All this said, though, a better approach is to pass the key ID or name around. You can extract this by calling .id() on the key object (for an ID - .name() if you're using key names), and you can reconstruct the original key with db.Key.from_path('kind_name', id) - or just fetch the entity directly with YourModel.get_by_id.
After doing some more research, I think I can now answer my own question. I wanted to know if using GAE keys or ids was inherently unsafe.
It is, in fact, unsafe without some additional code, since a user could modify URLs in the returned webpage or visit URL that they build manually. This would potentially let an authenticated user edit another user's data just by changing a key Id in a URL.
So for every resource that you allow access to, you need to ensure that the currently authenticated user has the right to be accessing it in the way they are attempting.
This involves writing extra queries for each operation, since it seems there is no built-in way to just say "Users only have access to objects that are owned by them".
I know this is an old post, but i want to clarify one thing. Sometimes you NEED to work with KEYs.
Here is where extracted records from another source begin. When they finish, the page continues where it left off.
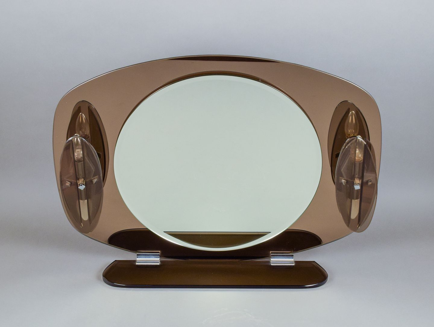 Fontana Arte, Italien. Stort vægspejl i røgfarvet glas. 1980´erne. I perfekt stand. Mål: B 81,0 cm. x H 61,0 cm. x D 10,5 cm.
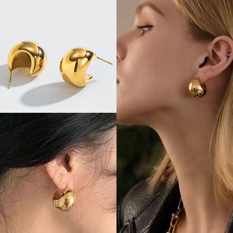 Why choose New Crescent Moon Semi-circle Wider And Thicker Senior Sense Of Titanium Steel Earrings Earrings Buckle 18K Gold?
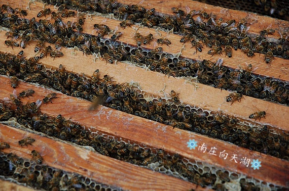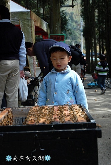 賣蜂蜜的攤商現場展示,允嘉專心的看著密密麻麻的蜜蜂,一付不怕死的樣子~~
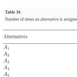 Number of times an alternative is assigned to different ranks (${P_{ik}}$).
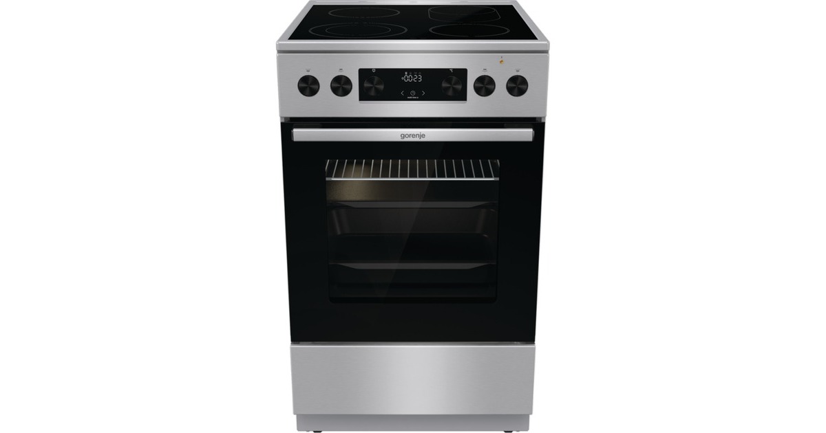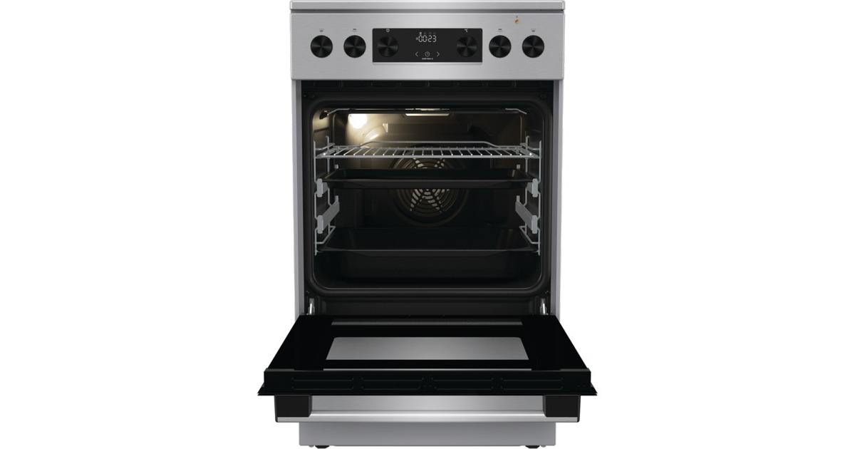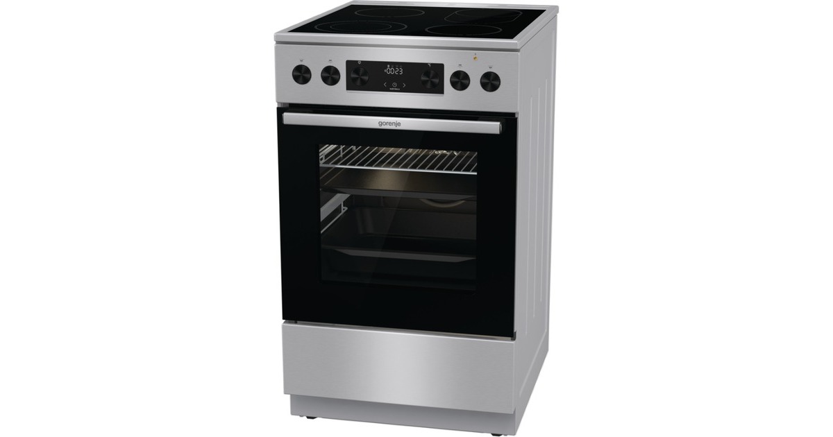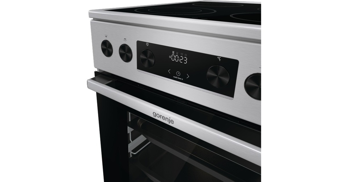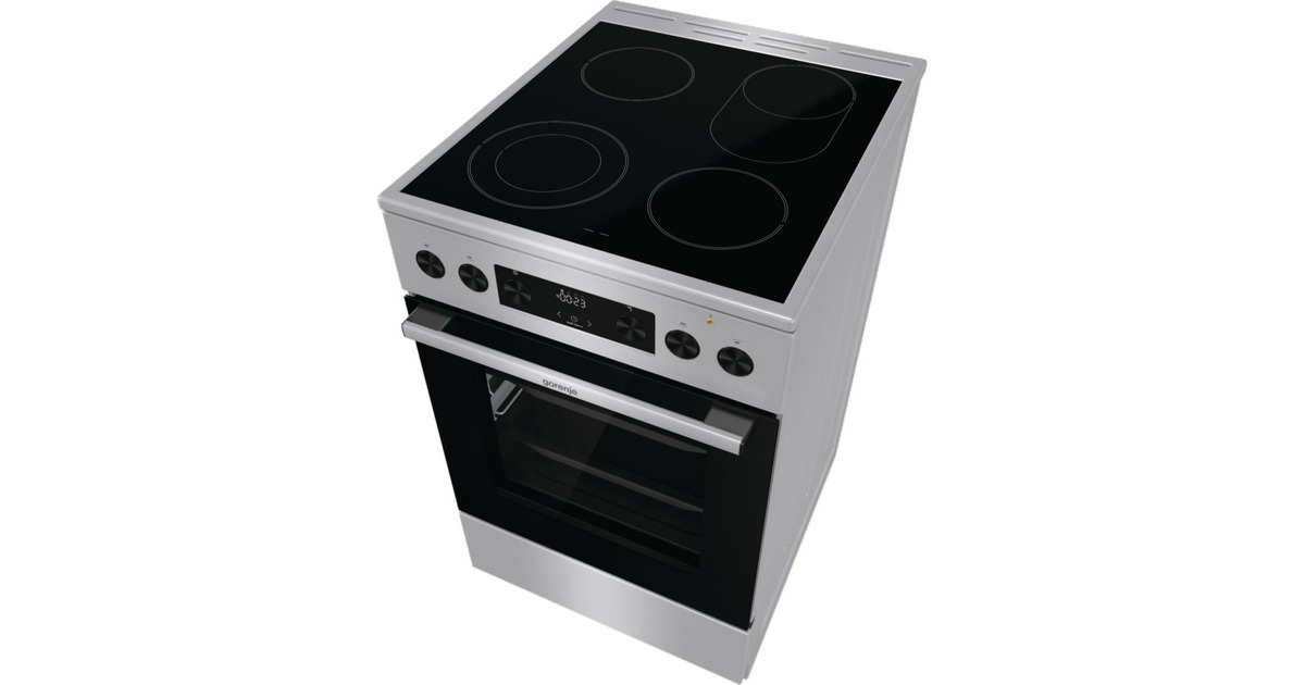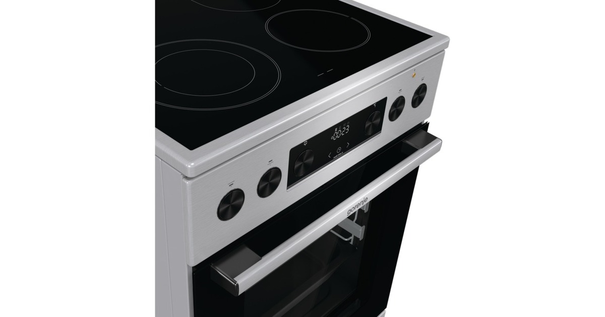 Der Elektroherd GECS5C70XPA überzeugt mit der Energieeffizienzklasse A und schickem Design. Der Garraum des GECS5C70XPA bietet einen Nutzinhalt von 70 Litern. Der Multifunktionsbackofen besticht durch sein Großflächengrill und ermöglich es mit Heißluft mit Dampfzugabe zu backen. Die hochwertige SilverMatte-Beschichtung in Kombination mit der AquaClean Selbstreinigungsfunktion macht die Reinigung noch effizienter. Das Elektro-Kochfeld aus Glaskeramik stellt vier Kochzonen zur Verfügung. Darunter eine Zweikreis-Koch- und eine Ovale Ringzone. Somit können auch größeres Kochgeschirr und Bräter zum Einsatz kommen. In Puncto Sicherheit bietet der GECS5C70XPA ein Kühlgebläse und eine Restwärmeanzeige. Art.-Nr.: 1873948

When you have an entity with a #Parent relationship, you cant get it by its ID, you need to use the whole KEY to get it back form the Datastore. In these cases you need to work with the KEY all the time if you want to retrieve your entity.
They aren't simply increasing; I only have 10 entries in my Datastore and I've already reached 7001.
As long as there is some form of protection so users can't simply guess them, there is no reason not to do it.